Juan Pablo II termina la encíclica con una declaración de -podría decirse- optimismo antropológico, apoyado en la eficacia de la Redención obrada por Cristo. «El ámbito espiritual de la esperanza siempre está abierto al hombre, con la ayuda de la gracia divina y con la colaboración de la libertad humana». La Iglesia confía en el hombre, en su capacidad para el bien, sin duda debilitada por el pecado, pero que la gracia restaura y potencia hasta extremos antes inimaginables.
Éste es el mensaje alentador de Juan Pablo II: lo mejor siempre es posible. Ahora que en tantos lugares la corrupción rampante y la escalada del crimen hacen suspirar por una renovación ética, el Papa recuerda que el ideal que propone la Iglesia es asequible. «A veces (…) puede parecer como si la moral cristiana fuese en sí misma demasiado difícil: ardua para ser comprendida y casi imposible de practicarse. Esto es falso, porque -en términos de sencillez evangélica- ella consiste fundamentalmente en el seguimiento de Jesucristo, en el abandonarse a Él, en el dejarse transformar por su gracia y ser renovados por su misericordia».
Ideas claves de la encíclica
– Para ser libre hace falta respetar la verdad sobre el hombre.
– Los mandamientos de la ley de Dios no deben ser entendidos como un límite mínimo que no hay que sobrepasar, sino como una senda abierta hacia la perfección.
– Una adquisición positiva de la cultura moderna es el sentido más profundo de la dignidad de la persona y del respeto debido a la conciencia. Pero estos avances no justifican una concepción radicalmente subjetiva del juicio moral.
– El hombre goza de libre albedrío, pero solamente Dios tiene poder de decidir sobre el bien y el mal.
– Puesto que las normas éticas derivan de la común naturaleza humana, incluyen preceptos que obligan a todos y siempre. La naturaleza humana trasciende la diversidad de las culturas.

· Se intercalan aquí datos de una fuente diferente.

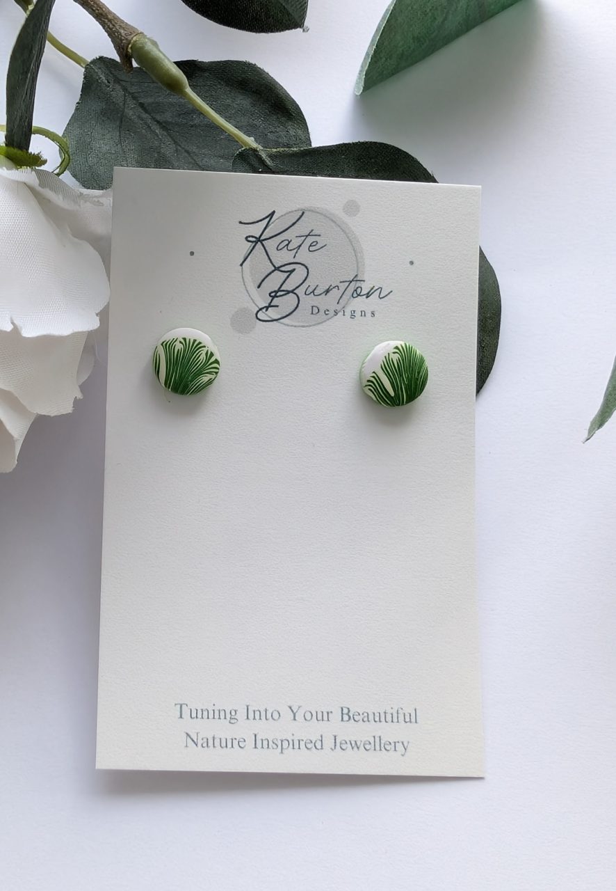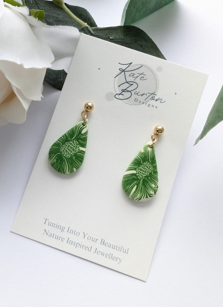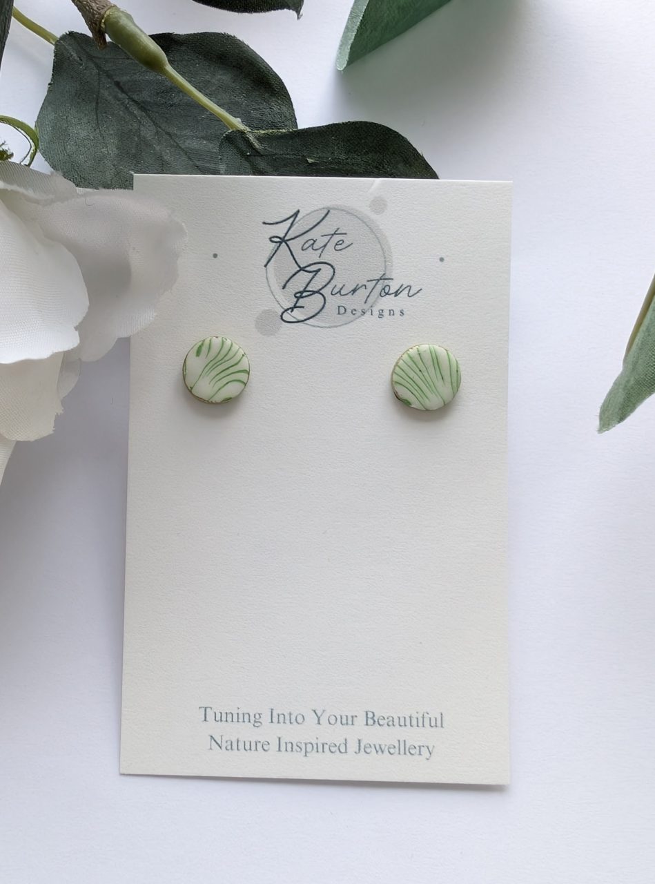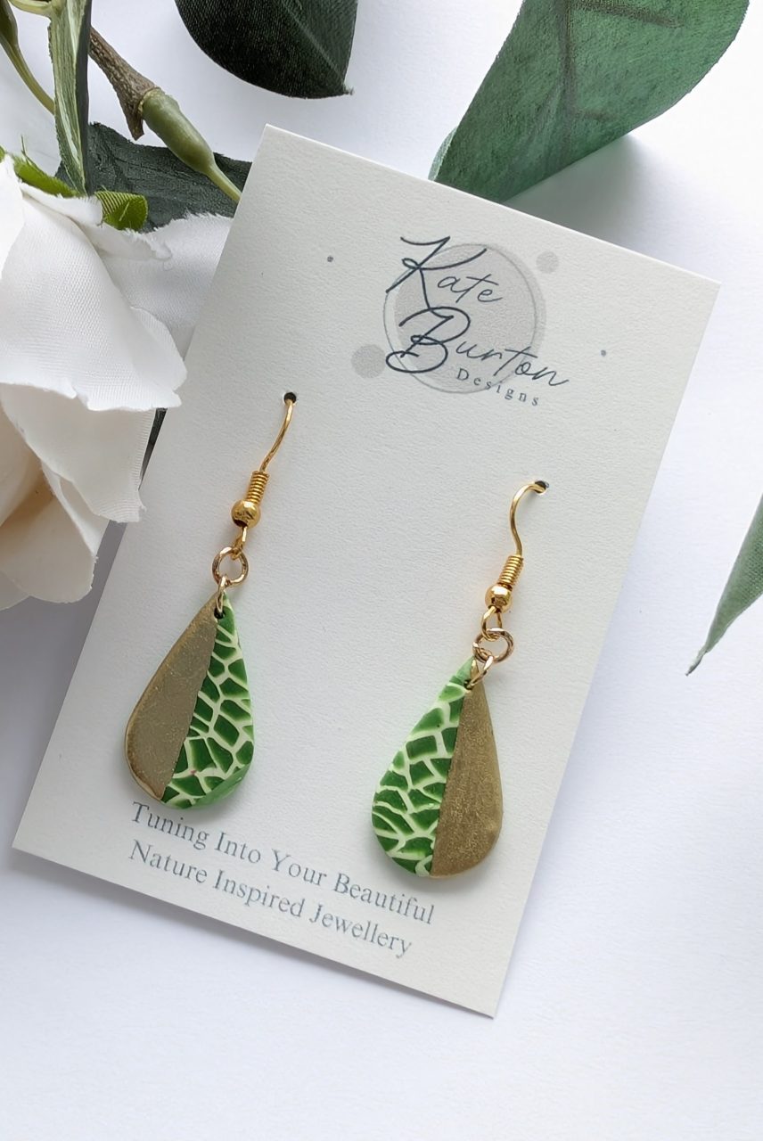 Beautiful Green, White and gold floral earrings - pattern created using various flower canes. Stunning Spring and Summer colours.

– La conciencia puede errar. Nunca es aceptable confundir un error subjetivo sobre el bien moral con la verdad objetiva.
– Los pronunciamientos de la Iglesia sobre cuestiones morales no menoscaban la libertad de conciencia, porque esa libertad no es nunca «con respecto a» la verdad sino sólo «en» la verdad.
– Es importante la opción fundamental de orientar la vida hacia Dios. Pero, aunque no haya un rechazo explícito de Dios, se incurre en pecado mortal por una transgresión voluntaria de la ley moral en materia grave.

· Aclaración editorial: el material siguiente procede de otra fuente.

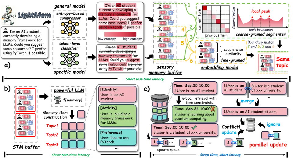 LightMem 是一套面向真实长交互场景的 “轻量记忆系统” 答案: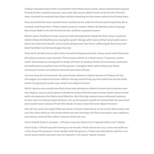 In this children’s sermon, kids explore all the different reasons people cry—from scraped knees to sad movies, from onions to losing someone we love. Then they learn that Jesus cried too!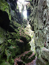 Lud's Church (sometimes written as Ludchurch) is a deep chasm penetrating the Millstone Grit bedrock created by a massive landslip on the hillside above Gradbach. It is over 100 metres long and 18 metres deep, mossy and overgrown, wet and cool even on the hottest of days.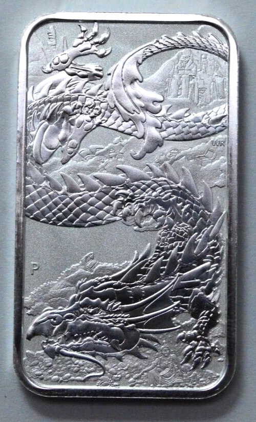 2023-P CHINESE DRAGON 1 oz 9999 Silver Rectangular Australia Coin Bar Perth Mint
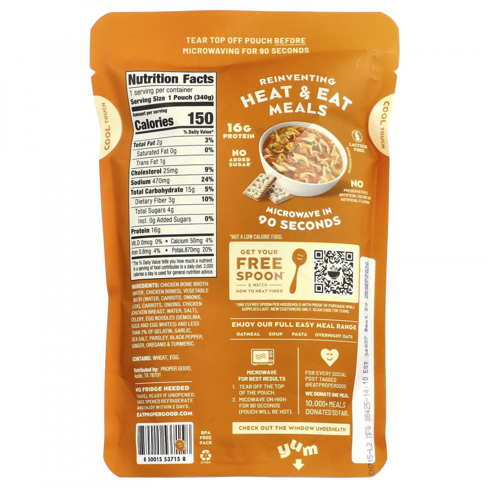 Бульон из куриных костей (вода, куриные кости), овощной бульон (вода, морковь, лук, лук-порей), морковь, лук, курица (куриная грудка, вода, соль), сельдерей, яичная лапша (манка, яйца и яичный белок) и менее 2% желатина, чеснок, морская соль, петрушка, черный перец, имбирь, орегано и и к)уркума.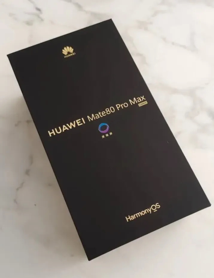 这是华为Mate80 ProMax的包装盒,想象终点爽脆,华为LOGO+机型+鸿蒙。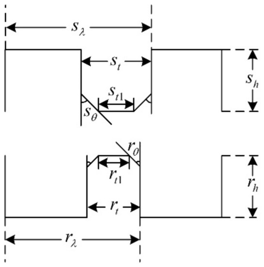 In the past decades, researchers put forward different opinions about the tooth shape, such as it being rectangular, triangular, circular, and so on [20,21,22]. Among them, the rectangular tooth shape shown in Figure 6 has been widely used in many products. However, according to practical experience, the trapezoidal tooth shape, as shown in Figure 7, is much better than the rectangular one, because this tooth profile contains more shape parameters and allows more degrees of freedom for optimization, making it easier to achieve the required motor performance.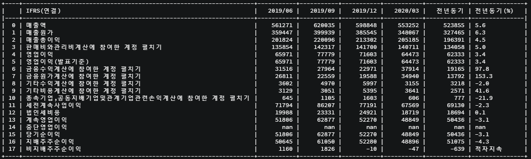 그러면 해당 페이지에서 아래 재무표를 이제 크롤링 해보겠습니다.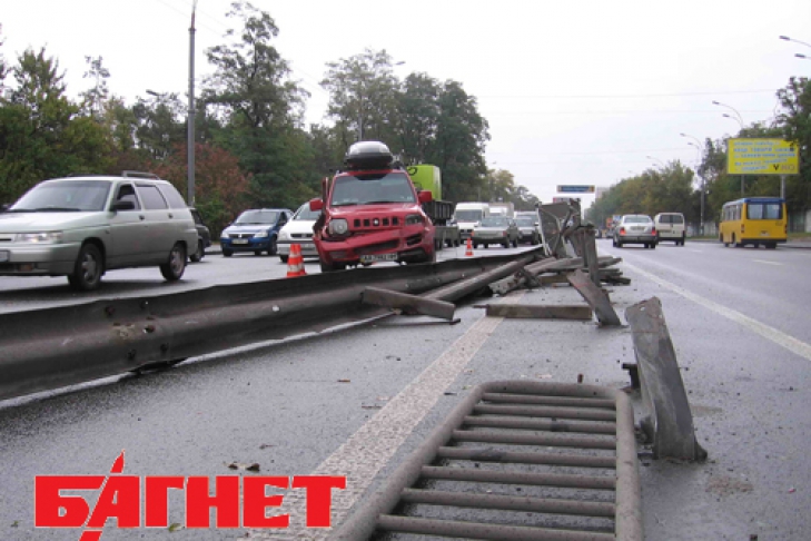 Двигаясь в затяжном повороте по бульвару Перова в сторону проспекта Освободителей, джип «Сузуки», потеряв управление, врезался в отбойник - такого удара отбойник не выдержал. Пробив металлическое ограждение джип вылетел на полосу встречного движения развернувшись на 180 градусов. Как выяснилось, у авто лопнуло переднее колесо.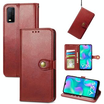 For vivo Y3s 2021 Solid Color Leather Buckle Phone Case(Red)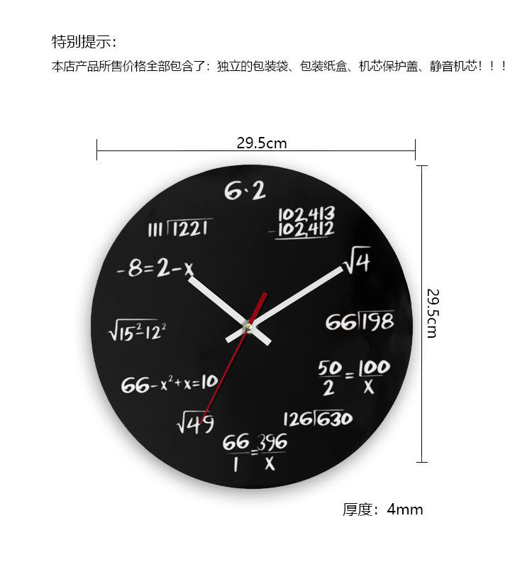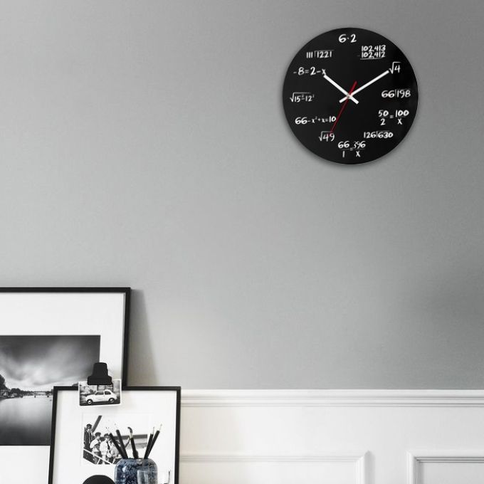 Matematica orologio da parete nero 12 pollici silenzioso senza ticchettio unico quarzo rotondo a batteria matematica equazioni orologio da parete per la casa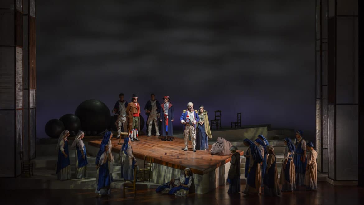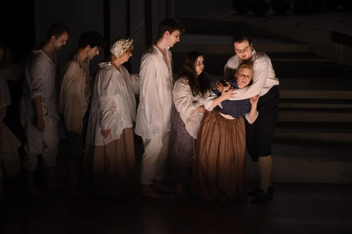 La légitimité de Marie Lambert-Le Bihan à mettre en scène les Dialogues est incontestable : de Francis Poulenc, elle a déjà proposé au public du festival de Buxton sa conception de la Voix humaine, et Andrea Chénier monté à Barcelone en 2018 autour du ténor star Jonas Kaufmann lui a déjà offert l’opportunité de travailler sur une œuvre ancrée dans le contexte révolutionnaire. Les Carmélites liégeoises s’inscrivent donc comme une prolongation logique de ces spectacles et optent à leur tour pour une esthétique réaliste assez attendue mais finalement très élégante.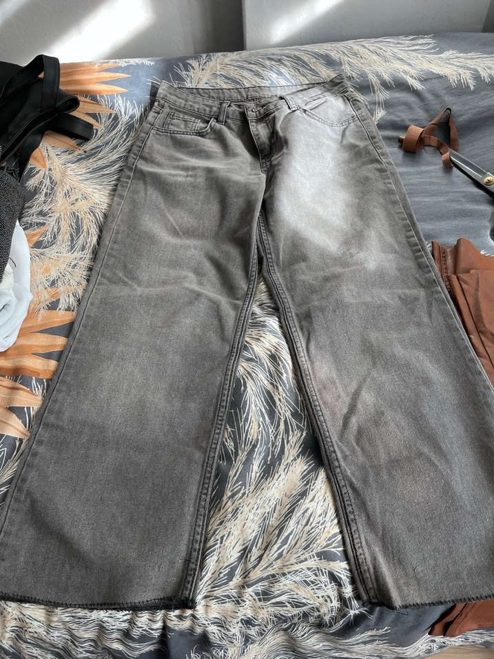 Gri kot pantolon, salaş kesim,günlük sokak tarzı için uygundur.

– Si los actos son intrínsecamente malos, una intención buena o determinadas circunstancias pueden atenuar su malicia, pero no pueden suprimirla.

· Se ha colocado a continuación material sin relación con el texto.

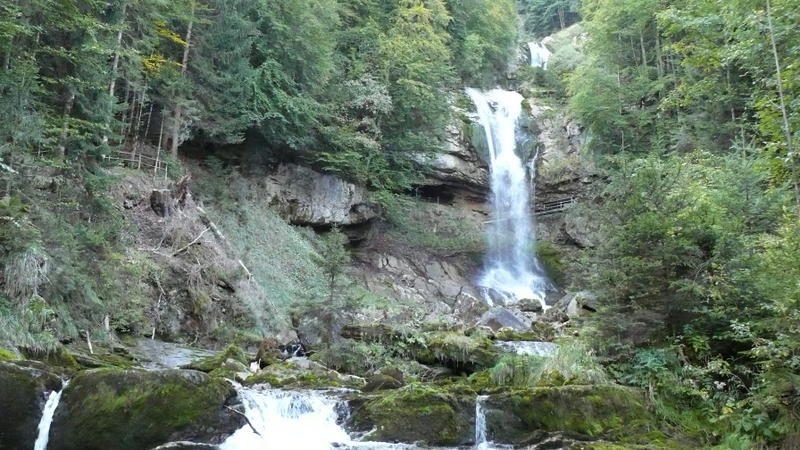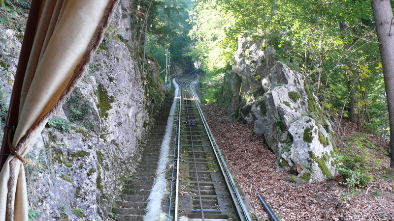 Auf dem Weg zum Campingplatz machen wir einen kleinen Abstecher zu den berühmten Giessbach-Wasserfällen. Hier soll der berühmte Dedektiv Sherlock Holmes umgekommen sein. Er logierte damals im Grand Hotel Giessbach.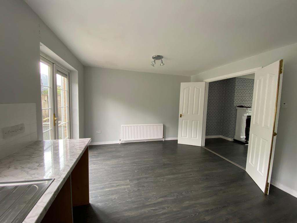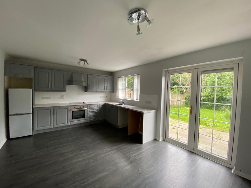 Having eye and low level units, tiling between units, integrated hob and underoven, extractor hood, plumbed for washing machine, space for tumble dryer, space for fridge / freezer, laminated wooden floor, French doors leading to patio.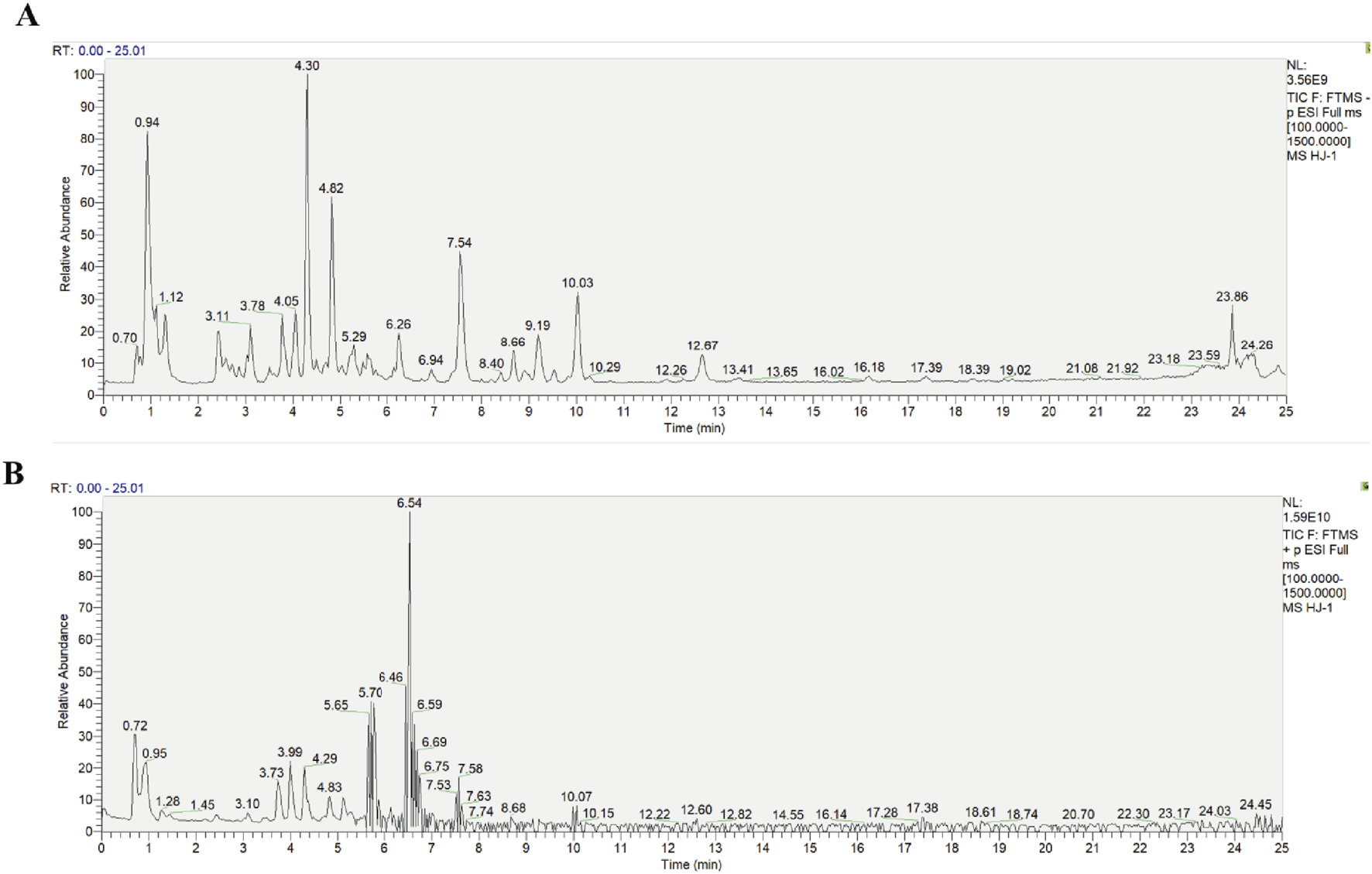 Diagram of the total ion flow of the traditional Chinese medicine metabolite Huang-Lian-Jie-Du Decoction in ion modes. (A) Negative ion mode, (B) Positive ion mode.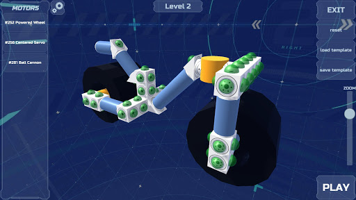 Here you can let your creativity run free and assemble different vehicles and machines. For this you have different components like servo joints and motors at your disposal. Solve the tasks of the different levels with your machines.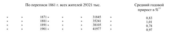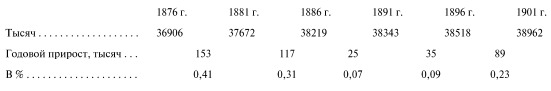Для расчета брал лишь цифры, относящиеся к современным размерам Франции. Крайние цифры (26 931 и 38 962 тыс. для 1801 и 1901 гг.) дают общий средний годовой прирост в 0,365 %, т. е. почти в 3,5 раза меньший, чем для Англии.

– Sería ingenuo pensar que se presta un servicio al hombre aguando la moral. La genuina comprensión debe significar amor al verdadero bien de la persona, a su libertad auténtica.
– La alianza entre democracia y relativismo ético priva a la convivencia de referencias morales seguras.
– Los teólogos moralistas, que aceptan la función de enseñar la doctrina de la Iglesia, deben dar ejemplo de asentimiento al Magisterio. Los Obispos deben exigir que se respete el derecho de los fieles a recibir la doctrina católica en su pureza e integridad.